▶ _What needs to be done_
Output the run of lines that opens with the first line of the material below and closes with the line containing "French Terracotta Boxer Dog Statue", both included, and drop the pictures.

▶ _Input data_
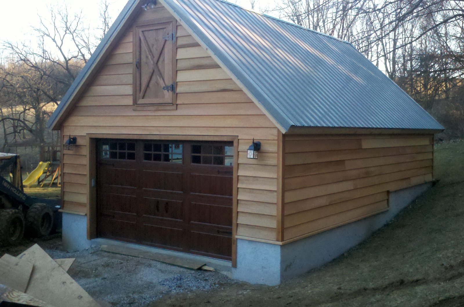 Custom designed large 3 car garage with car lifts and an unfinished second floor for a future in-law suite.
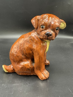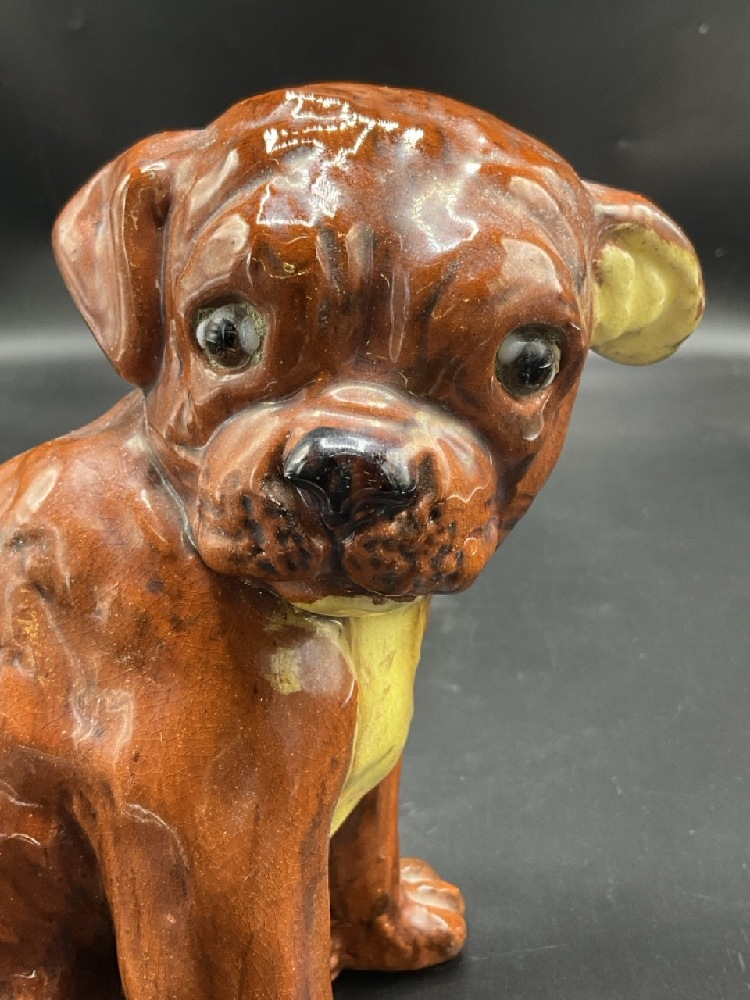 French Terracotta Boxer Dog Statue
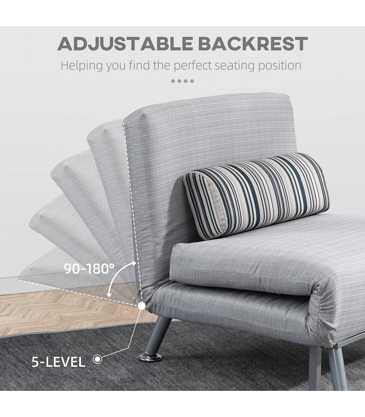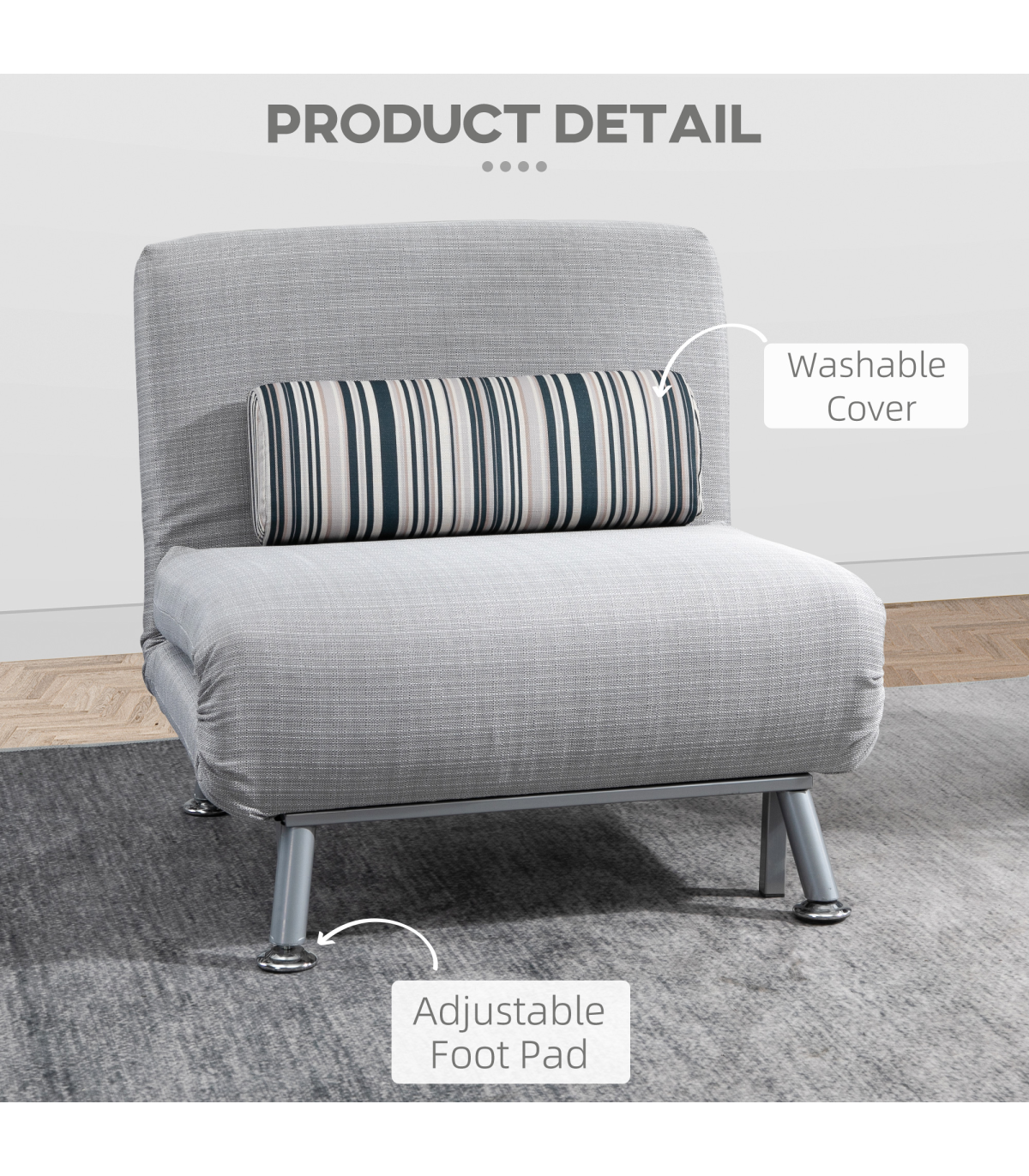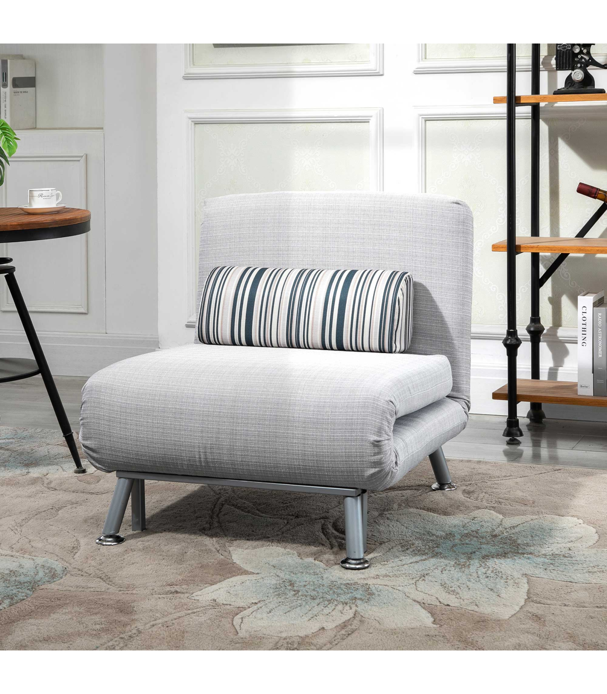 Convertible design, five-position back: Swiftly switches from an armless chair to single bed, making it easily to set up. Set the back to a position you want. Ideal for homes short on space.Comfortable: Thick foam for you to sink in comfortably and ensure you'll get a get good night's sleep with a removable pillow too. The back of the single sofa bed chair can be adjusted to five different levels, allowing you to be in control of your comfort.Steel frame: Small sofa bed has a strong core, keeping you supported and steady when resting and sleeping.Linen-look upholstery: Breathable and beautiful, smooth on the skin so it doesn't rub against your skin.Dimensions: Seat: 75H x 75W x 70Dcm. Bed: 25H x 180L x 75Wcm. Weight Capacity: 150kg. Assembly required.

▶ _Exercise output_
 Custom designed large 3 car garage with car lifts and an unfinished second floor for a future in-law suite.
 French Terracotta Boxer Dog Statue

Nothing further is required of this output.